Q: My boyfriend has been in jail for more than 6 months already. He was charged with theft, again, while in jail. The judge sentenced him to 6 more months, to be run concurrent with his other time. So why is his lawyer saying that his time didn’t start till 4 days ago? (Jefferson Hills, PA)
A: I would ask his lawyer first. Just because two sentences are “concurrent” with each other does not mean that they start and stop at the same time, or simultaneously. For example, if he is serving a 6-month sentence that started on January 1, 2018 it would end on June 1, 2018. If he was sentenced to a new 6 -month sentence on March 1, 2018, it will end on September 1, 2018, not June 1, 2018.

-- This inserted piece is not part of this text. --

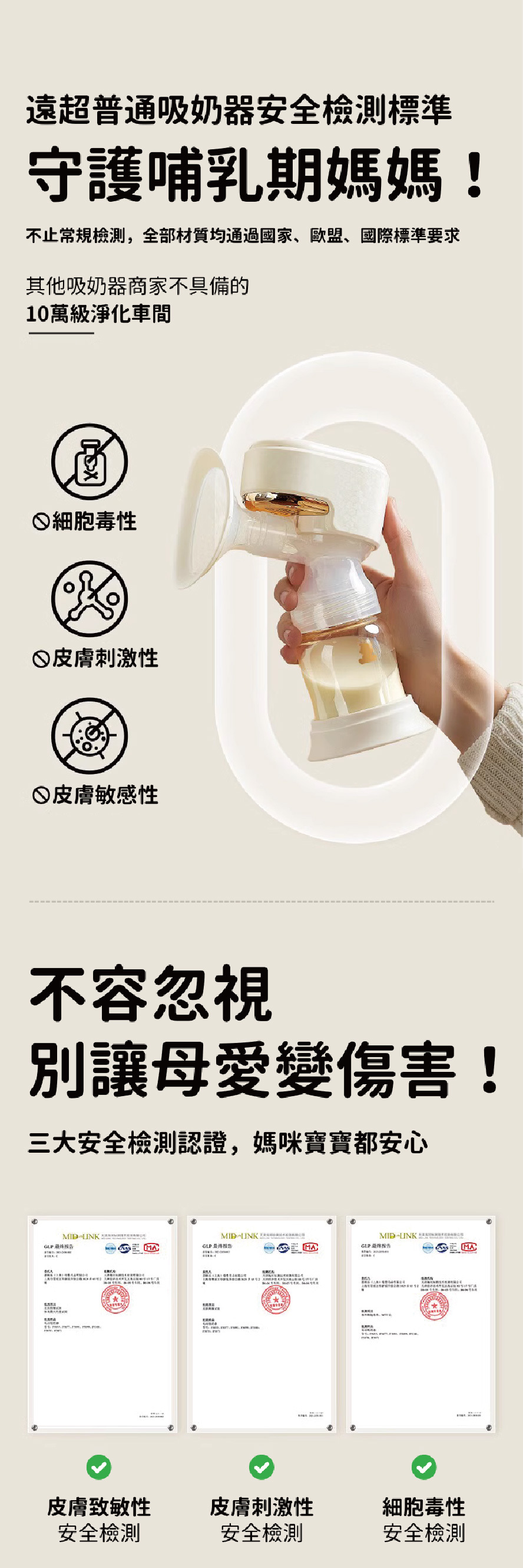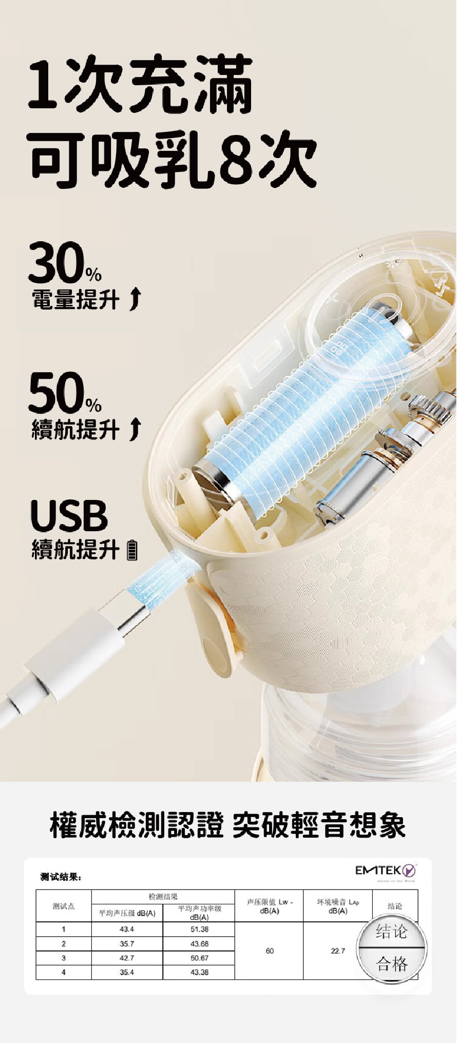 採用無縫設計 電池容量為1800mAh 一次充滿電約可進行8次泵奶 靜音操作,聲響只約39dB

Q: Is it possible to get my consecutive suspensions to run concurrently? My license is suspended and I am reviewing my restoration requirements. I have 4 charges of driving on a suspended license, producing 4 suspensions of 1 year each. Plus, a drug delivery charge yielding a 6-month suspension. I have already served a year in jail and 6 months on probation, but can hardly imagine my future if I must wait 4.5 years to be allowed to have a license again. Is there any chance that some action I could take, or with representation that is affordable, I could somehow get this significantly reduced, perhaps so that my consecutive 1 year suspensions could run concurrently?
A: PennDOT does not run driver’s license suspensions concurrently and the court has no authority to do so as it an administrative procedure. You may be eligible for an Occupational Limited License if the suspensions are not DUI or drug related. The PennDOT website has information on the OLL procedures.